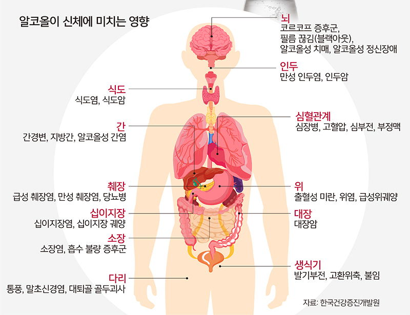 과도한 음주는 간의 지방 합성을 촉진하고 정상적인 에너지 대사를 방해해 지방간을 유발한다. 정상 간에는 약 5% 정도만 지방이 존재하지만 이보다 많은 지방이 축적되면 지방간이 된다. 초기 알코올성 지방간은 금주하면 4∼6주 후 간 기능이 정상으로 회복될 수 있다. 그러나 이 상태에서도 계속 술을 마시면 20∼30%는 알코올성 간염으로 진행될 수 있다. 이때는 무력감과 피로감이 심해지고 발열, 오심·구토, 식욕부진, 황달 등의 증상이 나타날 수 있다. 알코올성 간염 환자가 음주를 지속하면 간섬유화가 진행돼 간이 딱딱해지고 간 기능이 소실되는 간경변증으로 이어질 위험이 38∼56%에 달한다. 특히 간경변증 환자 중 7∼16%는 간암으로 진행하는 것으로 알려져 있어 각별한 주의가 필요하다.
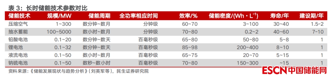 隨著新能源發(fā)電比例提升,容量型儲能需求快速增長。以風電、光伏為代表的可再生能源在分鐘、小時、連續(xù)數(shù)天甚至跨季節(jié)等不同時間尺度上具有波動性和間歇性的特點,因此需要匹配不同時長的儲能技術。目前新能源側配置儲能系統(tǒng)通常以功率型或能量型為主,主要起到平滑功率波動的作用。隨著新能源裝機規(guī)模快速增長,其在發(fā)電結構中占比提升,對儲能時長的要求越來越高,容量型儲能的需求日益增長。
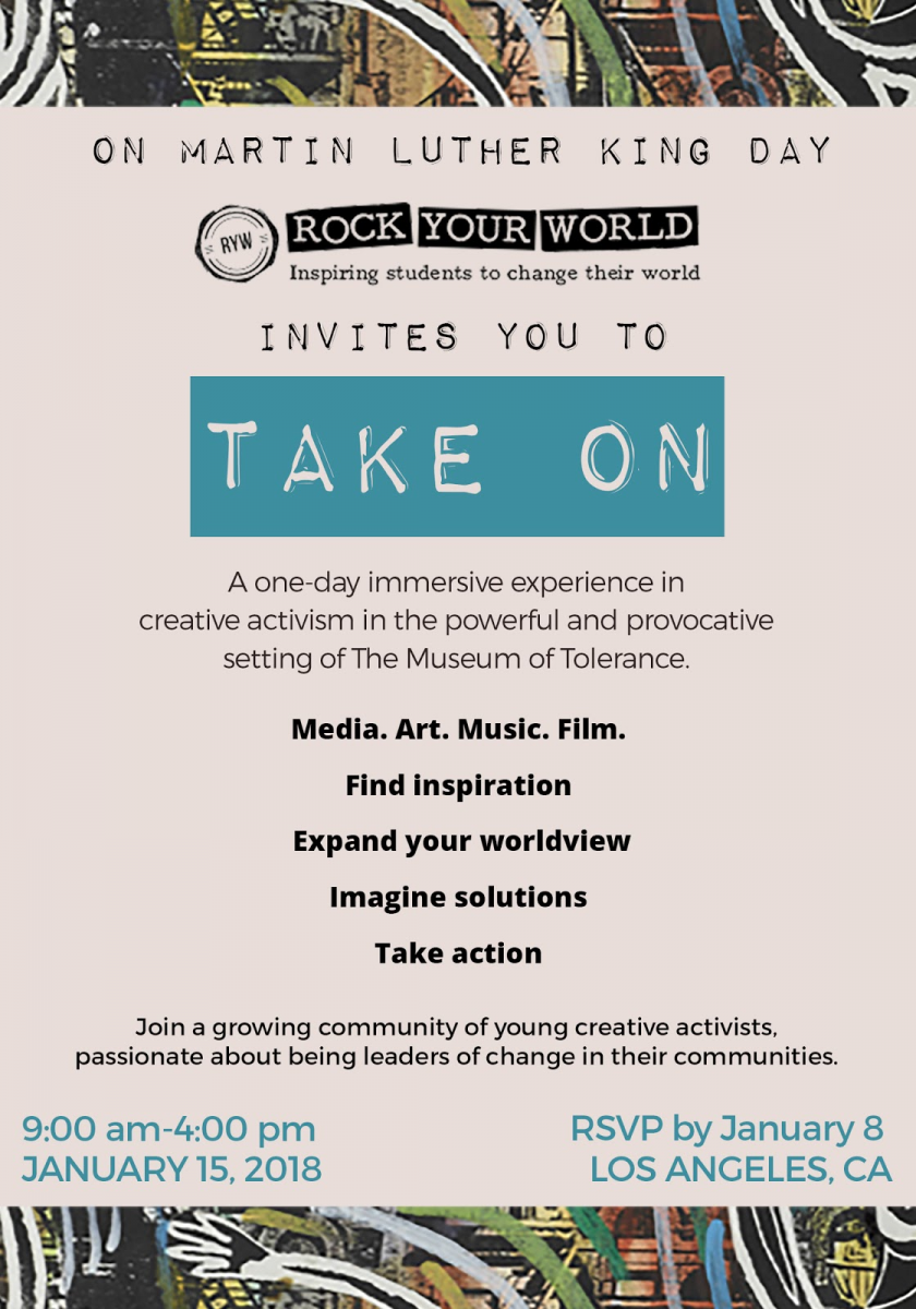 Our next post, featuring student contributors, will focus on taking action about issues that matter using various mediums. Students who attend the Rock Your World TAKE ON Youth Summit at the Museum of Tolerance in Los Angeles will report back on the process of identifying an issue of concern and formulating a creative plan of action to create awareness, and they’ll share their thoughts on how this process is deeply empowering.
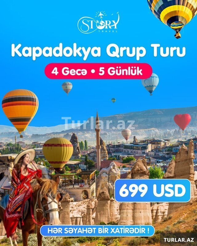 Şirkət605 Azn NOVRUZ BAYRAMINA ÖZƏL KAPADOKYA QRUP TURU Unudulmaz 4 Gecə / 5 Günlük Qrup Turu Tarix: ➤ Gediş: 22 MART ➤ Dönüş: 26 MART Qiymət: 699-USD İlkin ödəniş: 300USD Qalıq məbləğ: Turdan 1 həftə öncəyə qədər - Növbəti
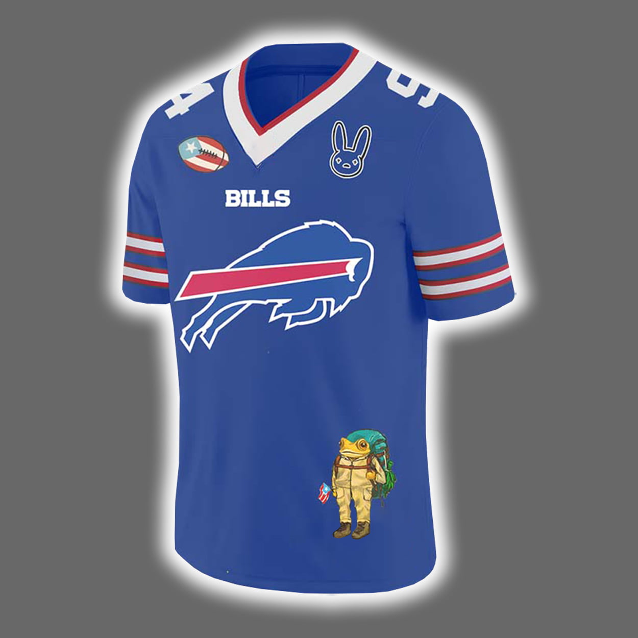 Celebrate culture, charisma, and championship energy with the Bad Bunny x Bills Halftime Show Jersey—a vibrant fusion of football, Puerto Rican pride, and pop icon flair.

========

-- The problem --
Repeat all the material exactly, but keep pictures out of the copy.

-- Response below --
 과도한 음주는 간의 지방 합성을 촉진하고 정상적인 에너지 대사를 방해해 지방간을 유발한다. 정상 간에는 약 5% 정도만 지방이 존재하지만 이보다 많은 지방이 축적되면 지방간이 된다. 초기 알코올성 지방간은 금주하면 4∼6주 후 간 기능이 정상으로 회복될 수 있다. 그러나 이 상태에서도 계속 술을 마시면 20∼30%는 알코올성 간염으로 진행될 수 있다. 이때는 무력감과 피로감이 심해지고 발열, 오심·구토, 식욕부진, 황달 등의 증상이 나타날 수 있다. 알코올성 간염 환자가 음주를 지속하면 간섬유화가 진행돼 간이 딱딱해지고 간 기능이 소실되는 간경변증으로 이어질 위험이 38∼56%에 달한다. 특히 간경변증 환자 중 7∼16%는 간암으로 진행하는 것으로 알려져 있어 각별한 주의가 필요하다.
 隨著新能源發(fā)電比例提升,容量型儲能需求快速增長。以風電、光伏為代表的可再生能源在分鐘、小時、連續(xù)數(shù)天甚至跨季節(jié)等不同時間尺度上具有波動性和間歇性的特點,因此需要匹配不同時長的儲能技術。目前新能源側配置儲能系統(tǒng)通常以功率型或能量型為主,主要起到平滑功率波動的作用。隨著新能源裝機規(guī)模快速增長,其在發(fā)電結構中占比提升,對儲能時長的要求越來越高,容量型儲能的需求日益增長。
 Our next post, featuring student contributors, will focus on taking action about issues that matter using various mediums. Students who attend the Rock Your World TAKE ON Youth Summit at the Museum of Tolerance in Los Angeles will report back on the process of identifying an issue of concern and formulating a creative plan of action to create awareness, and they’ll share their thoughts on how this process is deeply empowering.
 Şirkət605 Azn NOVRUZ BAYRAMINA ÖZƏL KAPADOKYA QRUP TURU Unudulmaz 4 Gecə / 5 Günlük Qrup Turu Tarix: ➤ Gediş: 22 MART ➤ Dönüş: 26 MART Qiymət: 699-USD İlkin ödəniş: 300USD Qalıq məbləğ: Turdan 1 həftə öncəyə qədər - Növbəti
 Celebrate culture, charisma, and championship energy with the Bad Bunny x Bills Halftime Show Jersey—a vibrant fusion of football, Puerto Rican pride, and pop icon flair.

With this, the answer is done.